Icicles – Part 2 and Match Clustering

Posted on January 8, 2019 by Jim Bartlett

Let me start by saying this Icicle methodology, here, has not been as useful or accurate as I thought it might be. I don’t want to steer the readers of this blog in the wrong direction.

I’ve used this Icicle method and expanded the number of my columns of icicles a lot. Some of them turn out to be very helpful, with many Matches from the same Ancestral line and/or from the same Triangulated Group (TG). However, many are not so helpful. After all, these Icicles are just In Common With (ICW) lists. ICW lists are found at AncestryDNA (called Shared Matches); at FamilyTreeDNA (called In Common With); at 23andMe (called Shared Relatives); at MyHeritage (called Shared DNA Matches); and at GEDmatch (called People who match both kits).

Just a reminder: to get an ICW list, the program starts with a list of all your Matches (at that company) and compares your list with a list of all the Matches of a “base” Match (which you select) – the ICW list is a list of all Matches which are on both lists. In other words, the comparison is based on Match names, or kit IDs, and nothing more than that. In general, you and your selected base Match will have a shared DNA segment and a Common Ancestor (CA). Your ICW Matches may, or may not, share the same DNA segment and/or the same ancestral line. This provides powerful information when there is such an alignment; but it’s just a list of data – not much help – when there isn’t an alignment.

The good news is that 23andMe and MyHeritage both tell you when there is shared DNA alignment with a Match. 23andme puts a “Yes” in their Shared Relatives list; and MyHeritage adds a Triangulation “icon” in their Shared DNA Matches list when the ICW Match aligns (or Triangulates). GEDmatch lets you compare two kits, so you can check for a shared DNA segment; and their Tier1 Triangulation tool will list the top Matches which Triangulate. Since FamilyTreeDNA also provides segment data, we can check Matches in an ICW list to see if they are on the same overlapping DNA segment that you and the base Match share. This means they are in alignment over 95% of the time; virtually 100% of the time when there are multiple (say at least 4, not closely related) Matches who meet this ICW AND same segment criteria.

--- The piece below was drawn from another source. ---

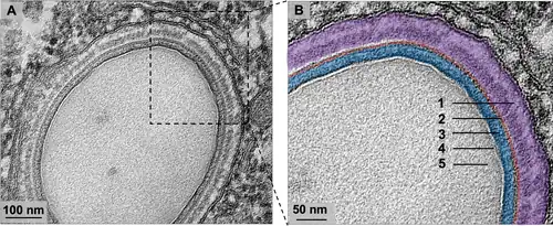 Die TEM-Aufnahmen (rechts koloriert) zeigen die Ultrastruktur von Alphaorpheovirus massiliense: reife Partikel besitzen eine kleine Fibrillenschicht (1, violett), eine äußere Schicht (2, rot), eine Kapsidschicht (3, blau) und eine innere Membran (4, weiß) aufweisen, die den Kern des Partikels (5, grau) einschließen.

See also the DoubleMatchTriangulator*.

The above segment Triangulations are a much more accurate and reliable way to group (or form Clusters of) Matches. However, this process is not available through AncestryDNA (although segment Triangulation can be accomplished on AncestryDNA kits uploaded to GEDmatch). For AncestryDNA Matches a good process is clustering Matches into groups – a good way to analyze your Matches at AncestryDNA – a step up.

One method to cluster Matches at AncestryDNA is the Leeds Method* – usually used to form cluster groups at the grandparent level, although some are pushing this a generation or two farther. At those more distant levels, some amount of judgment is needed.

Another method is my Icicle method, here, but this has turned out to be a lot of work, with mixed results – sometimes a good, helpful, thread is found; often one is not easily found, or one may not exist. There is no “rule” or argument that says an ICW list must have an ancestral thread. It’s logical that one may exist, given that you and the “base” Match have a Common Ancestor, and therefore some of the ICW Matches may have a higher probability of having the same CA. One tactic is to group the Icicles by ancestral lines or TGs, by moving such Icicle columns to be adjacent to each other and noting a common thread. However, it’s probably somewhat easier to use one of the tools below.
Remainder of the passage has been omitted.